God will forgive us, and then we will know God. We can’t be good until we know our evil and then find ourselves forgiven. We will be good when our trust in God’s goodness restores us to goodness.
How does this connect with today’s gospel reading? Some Greeks came to the festival of Passover to worship. They said, “Sir, we wish to see Jesus.” I am fascinated by the identity of these “Greeks.” There’s a silly part of me that wants to imagine them as sorority women and frat boys. But most likely, they are “God-fearers,” a term for Gentiles who hang out in the synagogues and at the temple. This was apparently a popular thing in the Greco-Roman world.
Today we might compare God-fearers to people who come to church, but who don’t seek baptism and thus a full commitment to the Christian faith. But there’s a key difference: Jews don’t generally proselytize. There never was a mission to convert the whole world to Judaism; it was always understood to be an ethnic distinction and not a matter of belief. These Greeks could have been circumcised and become Jews if they wished, but there was no theological urgency to do so. The God-fearers were an expected, respected part of the Jewish community.

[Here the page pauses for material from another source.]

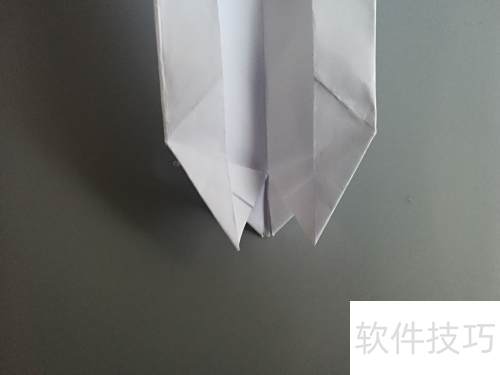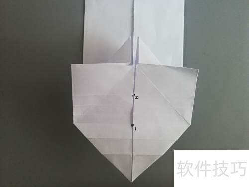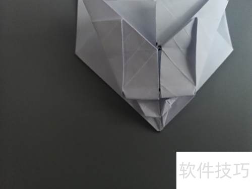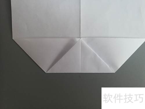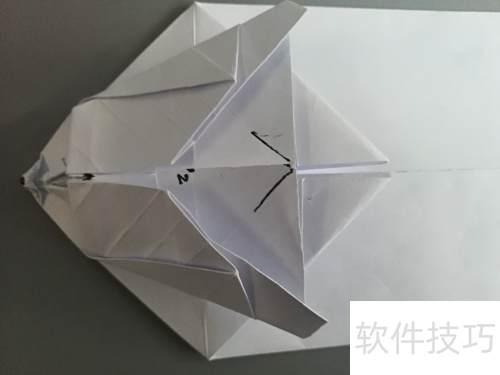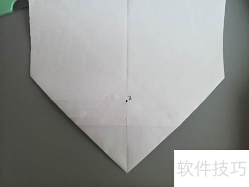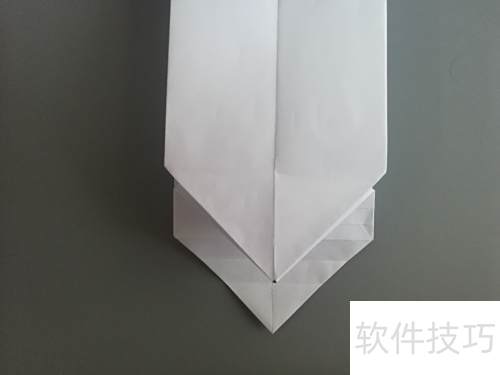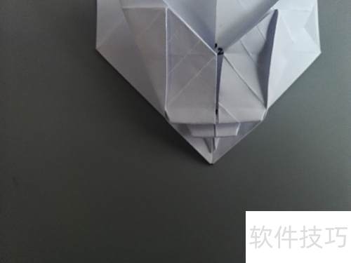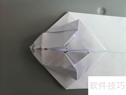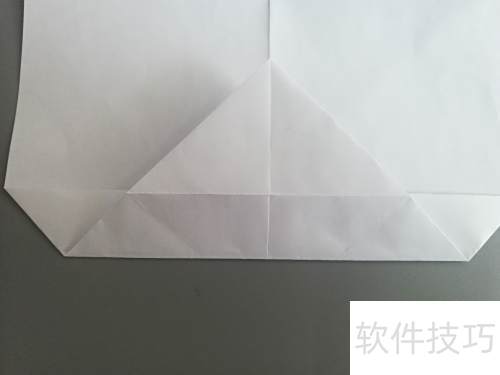 8、 将纸张翻面,按图示调整折痕。把三角形两侧纸边对齐中线向内折叠,确保整边完全折入。接着将三角部分向上折叠,折线沿两侧已有的折痕位置进行。随后将其向下折回,折痕位于前两道折痕的中间位置,并将产生的凸起部分向下压平。

So these Greeks show up, and while we never find out whether they get to see Jesus, the effect on Jesus is apparently profound. He says, “The hour has come.” Once the Gentiles wish to see Jesus, the tipping point has been achieved, and the message is about to go viral. Nothing now will stop the spread of the Gospel. This is Jesus’ cue that it’s time to complete his work. Not many years later, Paul will write, “There is no longer Jew or Greek,” and I like to imagine that these anonymous Greeks are the ones who got that ball rolling.
Jesus knows now that there is only one thing left to do: to surrender his life to those who wish to silence him. Jesus will die, and then the evil powers of this world will be unmasked, exposed, subjected to judgment. The evil one who has been ruling the world will rule it no longer. “And I,” says Jesus, “When I am lifted up from the earth, I will draw all to myself.” Our English translation says “all people,” but in the Greek, it’s just “all”—so I prefer to think of it as “all creation.” Everything in our creation dies and rises to new life in Christ.
And this is why I am not in direct pursuit of “being good.” Jesus has begun the work of writing the law on my heart. My good works will be honored, and my evil works will be judged. But seeking holiness through some quid pro quo, tit-for-tat, transactional system of good works never lasts for long. Goodness can only grow and thrive in the context of eternal love. And please know that this is not a mushy kind of loving feeling, but fierce, fiery, loving action—the love by which God pursues us. And that love includes loving judgment and the expectation of growth and change. The phrase I keep returning to this Lent is, “God is growing me.”
I think I’m rather like those Greeks. I just wish to see Jesus, because to see Jesus is to begin to know Jesus. Jesus is the one who is life springing from death, the one who shares that death with us for the purpose of abundant life for all of us. I wish to see Jesus so I can follow Jesus into his death. I wish to stand before him and offer myself as a living sacrifice. I wish to unpack all the evil in me, lay it at his feet, and say, “Well, here it is—all of it. Please judge me. Please burn away all these worthless things. But be on the lookout for a single good grain that can be buried with you. Please nourish it and help it to grow. I can’t do this work—only you can.”

Indeed, I have learned that in my baptism, I have already joined Jesus in his death, and now my life is “hidden” there with him—hidden like a seed growing deep in the earth. Amen.